# VIS 8" Level: Disassembly/Repair help



## Splat (May 16, 2014)

Ok, get ready for  it.... I knocked my Starrett 98 8" level off the lathe when getting her  moved onto the rods I had epoxied into the floor. I had forgot where I put it and it came crashing onto the floor to remind me. anic: Yes, I've already  kicked myself numerous times. I wondered if getting a replacement vial  for the Starrett was worth it or see if I could find a more sensitive  level for only a few $ more. The replacement vials are about what I paid for the level itself to begin with!  Finding this VIS solved that question. I managed to luck out and find this VIS 8" level on Ebay that I won for $70 shipped. It's in pretty good condition and the underneath is pristine. The only thing wrong is the view window has a slight bit of haze so reading the bubble's not that easy. There's 4 screws holding a top plate down onto the body, should I just remove these and see what's what? Before I attempt to disassemble this I was wondering if anyone here has taken one of these apart and would be kind enough to key me in on this. Thanks.


----------



## Baldy (May 19, 2014)

I don't know what a VIS is but I have opened and adjusted a Starrett and a Enco level. They are simple.  The hardest thing to get is a level surface to perform the re-adjustments on. I say just for it.

JJ
San Antonio


----------



## digiex_chris (Jan 29, 2015)

No need to have a level surface to calibrate levels. Just rotate it on your flat surface. There will always be one direction that shows level. Draw a line along the level, and flip it around to line up with that line. Adjust it so that when referencing that line, the bubble isn't in a different spot with the level pointed either direction.

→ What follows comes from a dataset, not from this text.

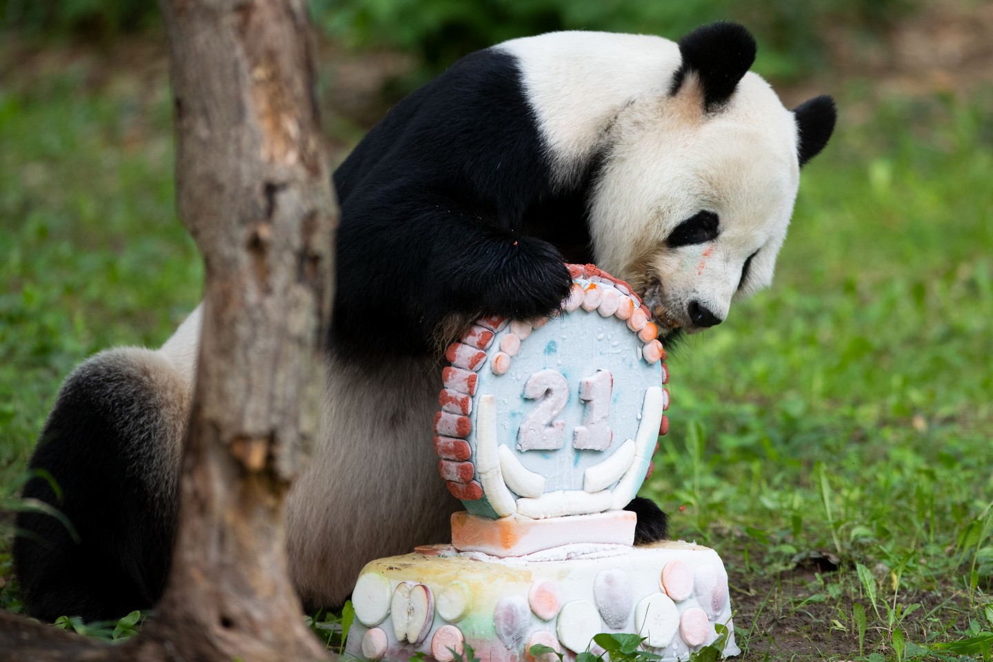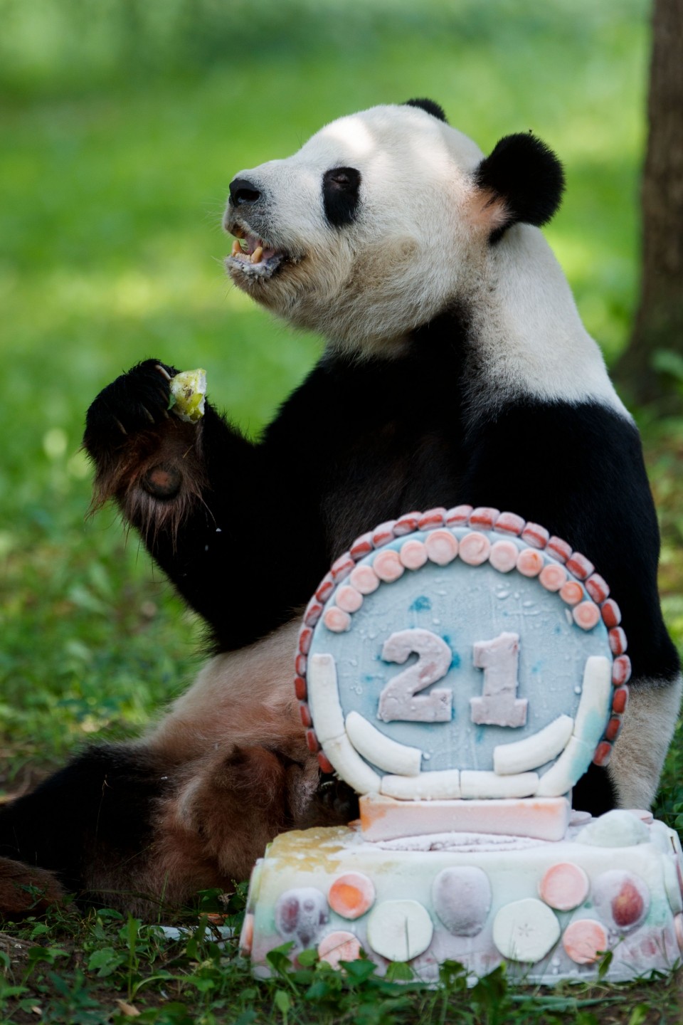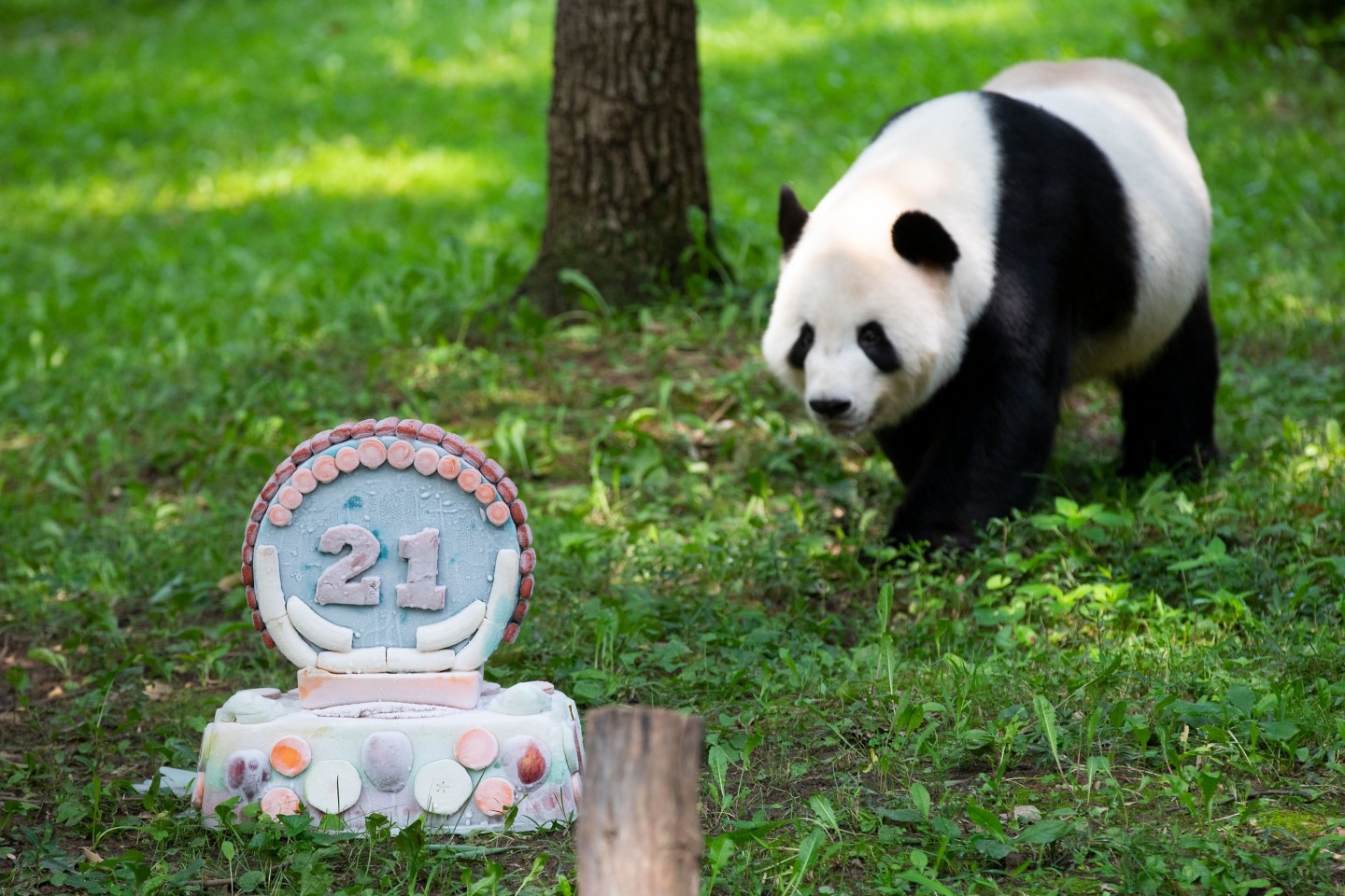 Zooloģiskajā dārzā Vašingtonā nosvinēta gigantiskās pandas dzimšanas diena. Par kodu zīmīgajai dienai sagatavota arī svētku kūka.

Now you can use it to level that unlevel flat surface.


----------



## dahoud62 (Feb 3, 2015)

Hi, Dave from Fowler here.  We sold VIS levels for years, they have since gone out of business.  You can remove the 4 top cover screws to gain access to the vial adjustment.  It is best to start on a level surface.  There is a slotted screw for the vial adjustment.  If you are on a level surface and the base is not damaged (check for rocking, there may be a burr on a corner if it rocks.  You can just knock it off with a fine file and that may do the trick) the bubble should read in the middle when you rotate it 180 degrees to the same position.  Adjust the screw accordingly .  Sometimes if the base is damaged you may have to find a happy medium and settle for a division or two of difference when you rotate it.   
 Hope this was helpful.


----------